The first issue is a definitional argument around the word “editor.” Without an adjective (copy editor, content editor, developmental editor, managing editor, etc.), it’s a general enough term that it’s almost useless. So many things get dumped into that category that it’s important to verify what the actual expectations are. All too often, when people say “editor” they actually mean “proofreader” which doesn’t even have the word “editor” in it!
When I was first getting into RPG editing, it became obvious that the people hiring me as an editor actually thought they were hiring a copy editor. However, my guiding principle is “I don’t want a book with my name listed as ‘editor’ to suck.” And sometimes the issues go well beyond what can be fixed with a bit of phrasing and correct punctuation. I wasn’t content to be a copy editor because sometimes it felt a bit like rearranging the deck chairs on the Titanic (OK, that’s hyperbole…umm, like replacing the hubcaps while ignoring the faulty brakes? You get the idea).
But here’s the deal—each time I read through something, certain things really jump out at me. Typos, faulty formatting, and big huge structural issues will all keep me from focusing on the job you really want me to do. My job should be to make sure your text is as clear and well stated as possible. You get your ideas down, I make sure they sound great. To do that, you need to hand me something better than your first draft.
Don’t get me wrong—I don’t expect you to hand me something perfect. It is definitely my job to find the typos and consistency issues you missed and to point out where more elaboration or examples would help and so on. But by the time I get the text, chances are really good we’re already running up against some major deadline. If in my first read through I focus on the problem that this book isn’t quite doing what you think it ought to or that chapters seem to be out of order, and in my second read through I’m fixing a bunch of typos and formatting problems, I will likely run out of time before I even get to that final read through where I really get the chance to improve the text and work on clarity. And it’s this final read through that moves a book from good to great.
And honestly, I know I’m not going to catch every typo no matter how many times I read through something, which kinda kills me. But there will be a whole lot fewer of them if you’ve been on the lookout for them, too.
Hiring an editor isn’t an excuse to be lazy. It doesn’t mean that you get to skip all the self-editing I assume you would do if you weren’t working with an editor. And for goodness’ sake, it certainly doesn’t mean that you don’t need to check how to spell the names of people and places because you figure the editor will catch it later! It takes a lot of time to look up proper spellings for names or to double check facts, and that’s not what an editor is hired to do (unless you explicitly make that agreement up front).

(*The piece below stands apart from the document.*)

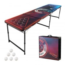 VEVOR tragbarer Beer Pong Tisch (240 x 60 x 52/70 cm), Beerpong Tisch mit Tragegriffen & 6 Pong-Bällen & LED-Beleuchtung, hoheneinstellbarer Heckklappentisch für Büro Reisen Camping

I tend to assume that’s the job of the writers and that I can trust the writers to do their research.
Instead, working with an editor means taking your self-edited work and letting another set of eyes take a critical look at it, smoothing out your phrasing and streamlining your ideas. It means a fresh look from someone who doesn’t necessarily share your assumptions and therefore will hopefully spot that great big hole in your explanation that some of your readers might fall through. It means being challenged to more clearly express what you’re trying to say. And yes, it means someone who’ll look for the fragments and tortured sentences that made sense to you the fifteen times you read over them because you know what it’s supposed to say so that’s what your brain read.
Don’t look at an editor as someone who will clean up the messes you didn’t get around to fixing; look at your editor as the studio producer to your performer, helping you stitch your multiple takes into a killer song. The end product will be something better than it would have been if you’d worked alone.